> _WHAT IS EXPECTED_: Note the line containing "Supports frying, roasting, baking, grilling, reheating, and"; from it through the last line below, give only those lines again, exactly, both ends included, skipping pictures.

> _SOURCE DATA_:
+--

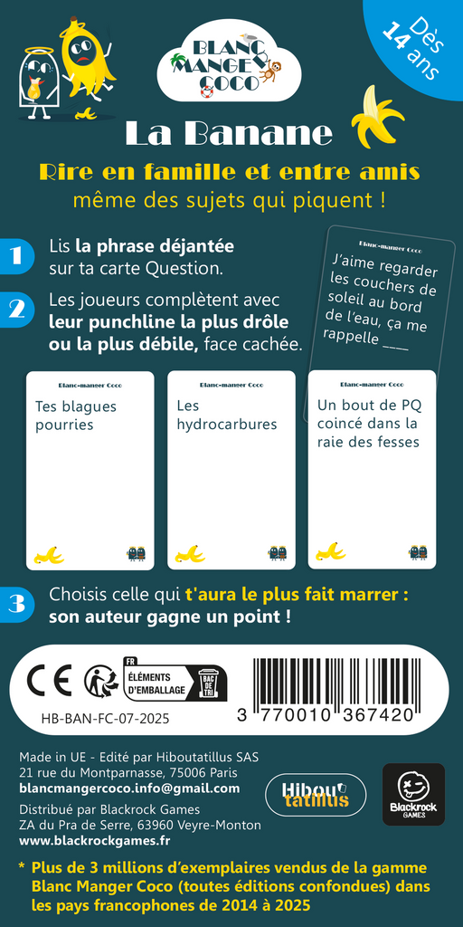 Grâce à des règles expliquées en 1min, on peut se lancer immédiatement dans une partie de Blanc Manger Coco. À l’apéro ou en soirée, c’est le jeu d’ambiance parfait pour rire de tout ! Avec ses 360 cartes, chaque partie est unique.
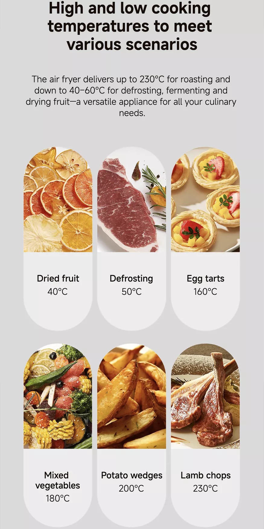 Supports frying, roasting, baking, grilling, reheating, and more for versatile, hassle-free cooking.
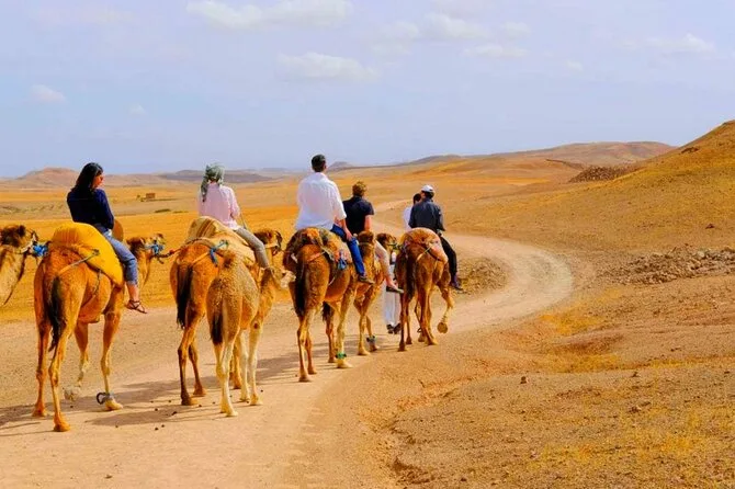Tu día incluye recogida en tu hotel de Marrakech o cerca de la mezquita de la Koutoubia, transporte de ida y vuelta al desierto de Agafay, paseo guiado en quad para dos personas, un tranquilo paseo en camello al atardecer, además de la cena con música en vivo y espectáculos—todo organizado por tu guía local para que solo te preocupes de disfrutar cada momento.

+--

> _OUTPUT OF THE TASK_:
 Supports frying, roasting, baking, grilling, reheating, and more for versatile, hassle-free cooking.
Tu día incluye recogida en tu hotel de Marrakech o cerca de la mezquita de la Koutoubia, transporte de ida y vuelta al desierto de Agafay, paseo guiado en quad para dos personas, un tranquilo paseo en camello al atardecer, además de la cena con música en vivo y espectáculos—todo organizado por tu guía local para que solo te preocupes de disfrutar cada momento.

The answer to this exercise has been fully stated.